À Cannes, même la mer joue son propre rôle. Elle clapote en fond sonore des interviews, miroite dans les reflets des lunettes Celine, et berce les discours en anglais approximatif des producteurs en short en lin. Mais pour qui sait regarder, derrière les parasols trop blancs et les rosés tièdes, il existe des plages où le cinéma se prolonge au ralenti, les pieds dans le sable.
La Môme Beach est sans doute la plus scénographique. Tapis rayé bleu marine, mobilier ivoire, ambiance Riviera réinventée. On y commande des linguine à la poutargue, un Aperol glacé, et on regarde le va-et-vient des attachés de presse en robe portefeuille, des acteurs en baskets de créateur, des stylistes italiens en Dior Homme. Le décor semble conçu pour Instagram, mais le casting est réel : de la rédaction de Dazed à la nouvelle égérie Saint Laurent, tout le monde passe, au moins une fois.

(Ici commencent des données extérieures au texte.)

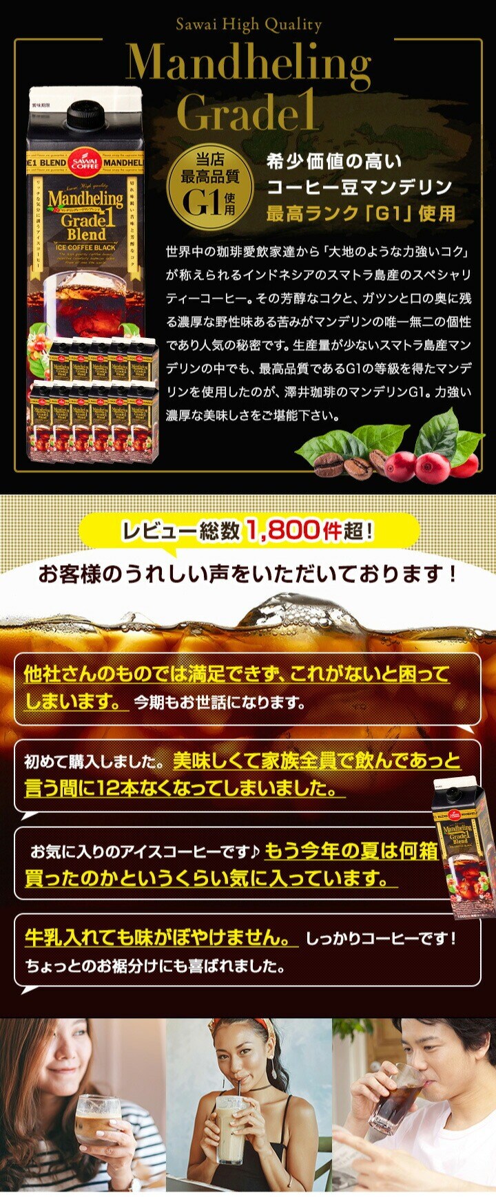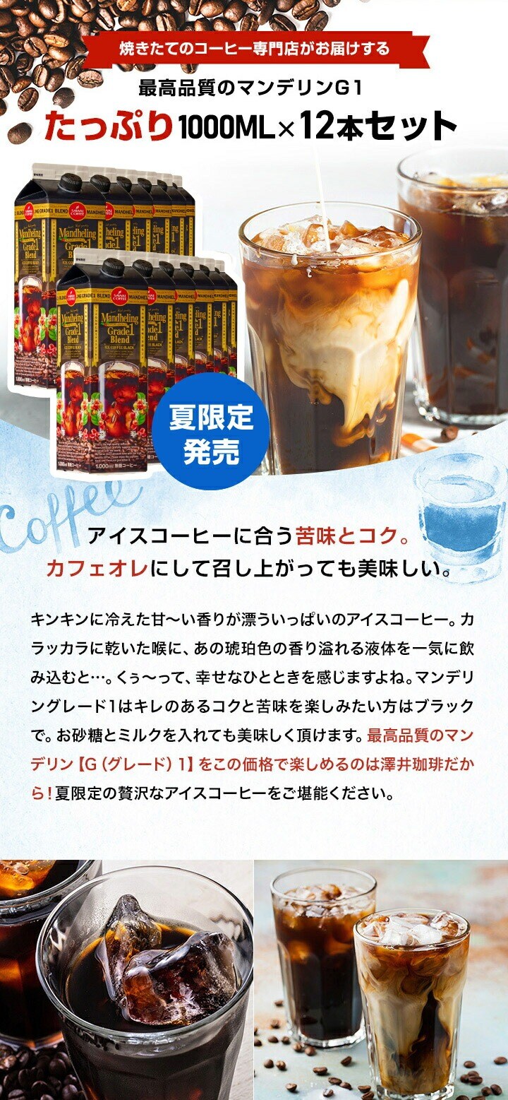 | 商品名 | 澤井珈琲 濃厚なコクと苦味のマンデリン グレードワン リキッドアイスコーヒー 無糖 1000ml 12本セット |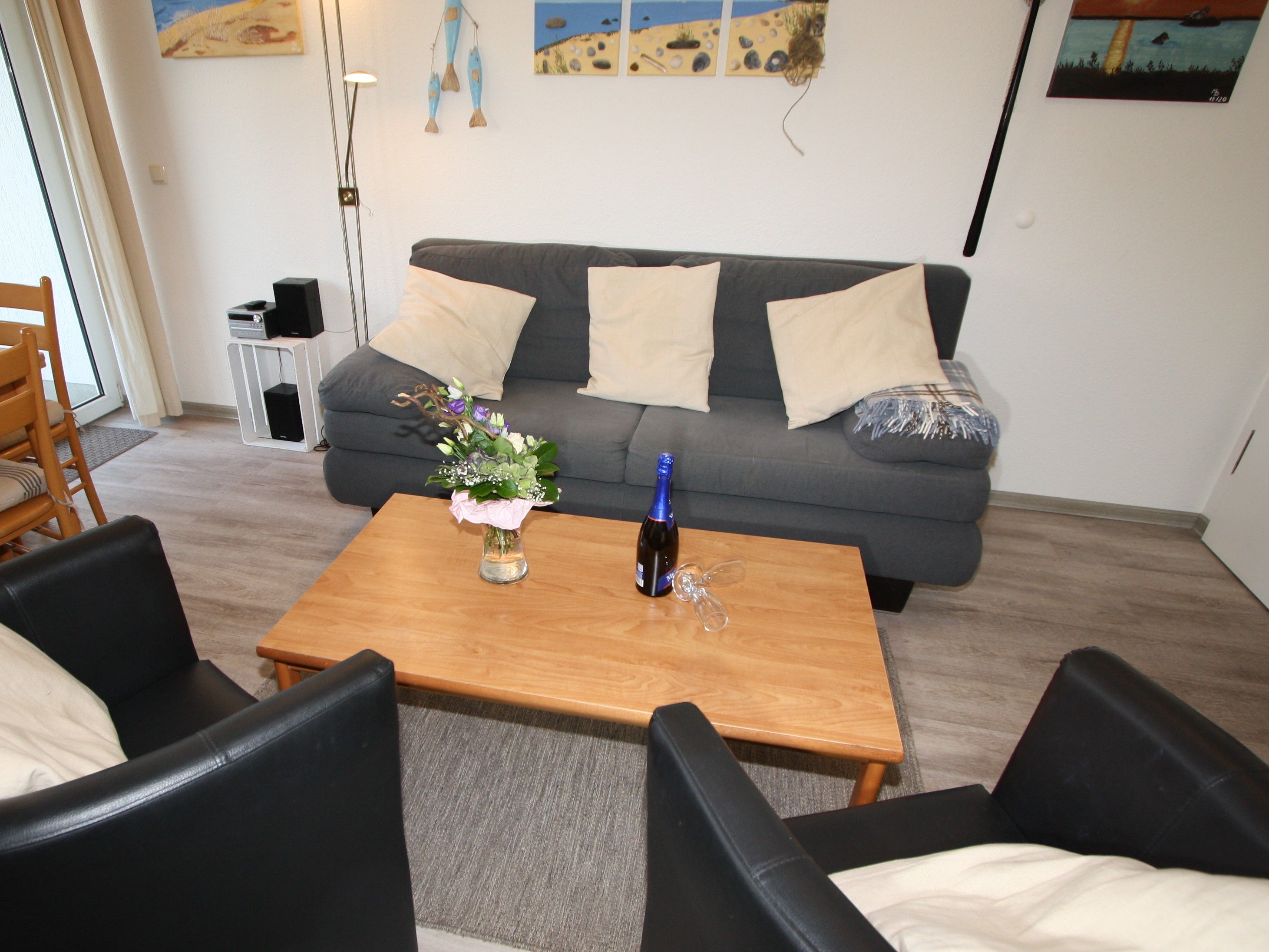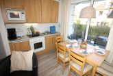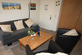 Sie wohnen in einem 2-Zimmer-Appartement für bis zu 4 Personen auf 40 m² Wohnfläche im Erdgeschoss, ein Schlafzimmer mit Doppelbett, Wohn-/Schlafraum mit bequemer Doppelbettcouch, separater Essplatz, voll ausgestatteter Küchenbereich mit Mikrowelle, Dusche/WC, Terrasse und SAT-Farb-TV. PKW-Stellplatz am Haus.

Plus décontractée, mais tout aussi codée : Bijou Plage. Un peu en retrait, un peu précieuse, elle attire ceux qui fuient le bruit sans renoncer au style. Le service y est discret, les regards aussi. On y retrouve des réalisateurs japonais en chemises ouvertes, des agents américains en maillot Thom Browne, et quelques journalistes qui écrivent leurs critiques à l’ombre des pins. L’élégance y est silencieuse, la lumière parfaite pour les portraits.
Le Martinez Beach Club, lui, ne fait pas dans la subtilité. C’est là que la Croisette devient scène. Foule compacte, verres gravés, bande-son calibrée pour TikTok, et chaises longues réservées dès février. Mais il y a dans cette hyper-présence quelque chose de cinématographique : une frénésie chorégraphiée, une ostentation parfaitement cadrée. On y vient pour être vu, mais aussi pour voir — le cinéma des corps, des vêtements, des attitudes.
Enfin, il y a les plages cachées. Les criques vers Théoule, les coins privés derrière les palaces, les bords de yacht transformés en salons flottants. Là, on ne publie rien. On chuchote. On bronze sous un Panama ancien. Et on s’enfuit au coucher du soleil, comme si la journée n’avait jamais existé.